Chinhoyi philanthropist, heroine dies

Walter Nyamukondiwa Chinhoyi Bureau
Philanthropist and liberation war heroine Mrs Florence Howard Ndlovu, who founded Chengetanai Old People’s Home in Chinhoyi, has died. Mrs Ndlovu succumbed to suspected diabetes-related complications at Chinhoyi Provincial Hospital last Friday. She was 87. Zanu-PF Mashonaland West Province recommended provincial hero status for Mrs Ndlovu who was arrested and detained several times during the country’s war of liberation.

The request has since been granted and she is expected to be buried at Chinhoyi Provincial Heroes Acre tomorrow.
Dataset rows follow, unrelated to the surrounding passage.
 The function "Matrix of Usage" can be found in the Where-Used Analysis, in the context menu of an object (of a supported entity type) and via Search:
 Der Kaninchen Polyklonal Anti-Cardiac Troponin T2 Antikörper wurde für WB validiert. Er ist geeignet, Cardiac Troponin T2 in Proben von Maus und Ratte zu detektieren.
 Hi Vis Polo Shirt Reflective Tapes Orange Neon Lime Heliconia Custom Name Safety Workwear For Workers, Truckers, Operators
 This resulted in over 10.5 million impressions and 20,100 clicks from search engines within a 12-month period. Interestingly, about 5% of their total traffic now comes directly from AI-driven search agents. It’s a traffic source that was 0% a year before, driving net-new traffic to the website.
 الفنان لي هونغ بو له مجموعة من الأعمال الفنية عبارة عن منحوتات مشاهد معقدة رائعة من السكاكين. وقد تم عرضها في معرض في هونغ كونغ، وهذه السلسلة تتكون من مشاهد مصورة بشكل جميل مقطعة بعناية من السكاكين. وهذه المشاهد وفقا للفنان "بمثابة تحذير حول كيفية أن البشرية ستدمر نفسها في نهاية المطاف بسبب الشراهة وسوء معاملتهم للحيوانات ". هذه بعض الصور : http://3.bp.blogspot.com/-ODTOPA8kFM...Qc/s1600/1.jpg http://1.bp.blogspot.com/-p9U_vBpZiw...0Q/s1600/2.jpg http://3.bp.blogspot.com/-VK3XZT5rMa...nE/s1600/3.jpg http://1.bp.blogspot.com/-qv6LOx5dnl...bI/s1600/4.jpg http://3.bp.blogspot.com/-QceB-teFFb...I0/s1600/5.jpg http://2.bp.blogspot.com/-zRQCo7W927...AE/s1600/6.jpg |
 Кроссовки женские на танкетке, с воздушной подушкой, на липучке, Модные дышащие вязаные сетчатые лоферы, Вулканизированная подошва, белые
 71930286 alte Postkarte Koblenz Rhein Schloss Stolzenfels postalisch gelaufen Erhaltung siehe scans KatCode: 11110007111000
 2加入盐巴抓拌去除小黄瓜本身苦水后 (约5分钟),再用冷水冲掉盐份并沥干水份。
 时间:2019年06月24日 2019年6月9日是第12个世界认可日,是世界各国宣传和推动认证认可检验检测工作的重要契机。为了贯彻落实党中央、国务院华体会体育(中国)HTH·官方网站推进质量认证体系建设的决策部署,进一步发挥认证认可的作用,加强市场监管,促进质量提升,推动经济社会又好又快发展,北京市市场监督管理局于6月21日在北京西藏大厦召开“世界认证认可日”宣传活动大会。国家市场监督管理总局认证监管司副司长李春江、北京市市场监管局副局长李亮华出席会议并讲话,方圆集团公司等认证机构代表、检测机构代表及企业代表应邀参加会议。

A widow, Mrs Ndlovu founded Chengetanai Old People’s Home in 1984 to cater for neglected senior citizens mostly of Malawian and Zambian descent.

Her husband left to join the war in 1974 and never returned.

In an interview her daughter, Mrs Martha Mukanda, said Mrs Ndlovu’s death had robbed the community of a person committed to caring for the elderly.

Mrs Ndlovu was a nurse by profession and at one time her certificates were destroyed by the Rhodesians.

She was arrested in 1964 while working at Harare Hospital and spent three years at WhaWha prison.

She was arrested again in 1974 after being accused of using her car to ferry freedom fighters who burnt a truck laden with beer near Aysher Mine in Mutorashanga.